At the time she wrote this novel, she had a library fellowship at Radcliffe College which let her use the Harvard Library system for her research. She said she focused on the everyday life of women of that period and geographic area. Instead of studying the Bible or rabbinic sources, she concentrated on food, clothing, social organization, architecture, and medicine. She then wove all those elements into the story and used them to create the compelling story of The Red Tent.

Unhesitatingly, I recommend this book

There is a part of me that wishes to recommend this book only to women. After all, Diamant tells our secrets. She takes us into the birthing rooms, she celebrates our menstrual cycles, and reveals the bonds we have with one another. It seems sacrilegious to suggest to a man that he should share in these secrets.

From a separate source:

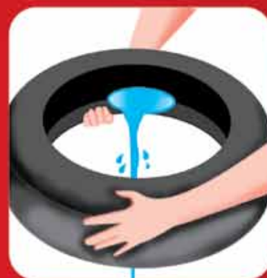
Descarte os pneus velhos ou guarde-os em local coberto e abrigados da chuva.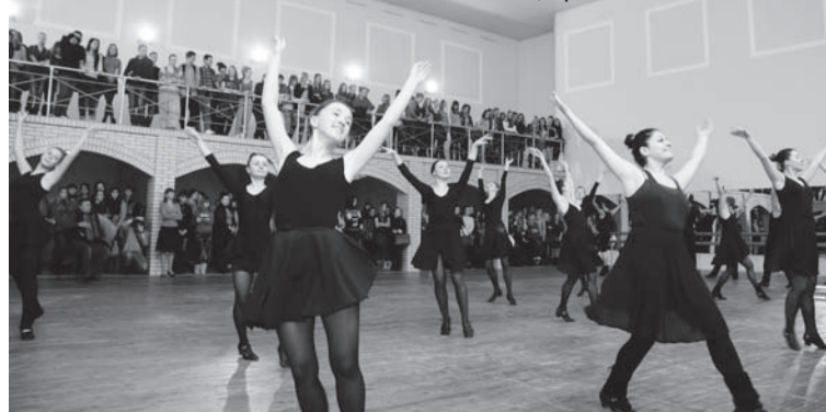
В полете радости

Yet, the red tent is also where women celebrate their love for the men in their lives and how that love creates new generations. This story may not belong to men to tell, but it is a story that is for them as well as for women. For when they, like Jacob, recognize the spirit of the women in their lives, there is joy and prosperity of the soul.

This is a book that is refreshing and touches the soul. It is a book about women and is unlike any other book I’ve ever read. It is a book that will go with me long after it passes out of my possession.

I encourage each of you: Read this story that it may be passed on to you and may go with you as well. Absorb its richness and carry with you forever the echo of Dinah and her mothers and her mother’s mothers.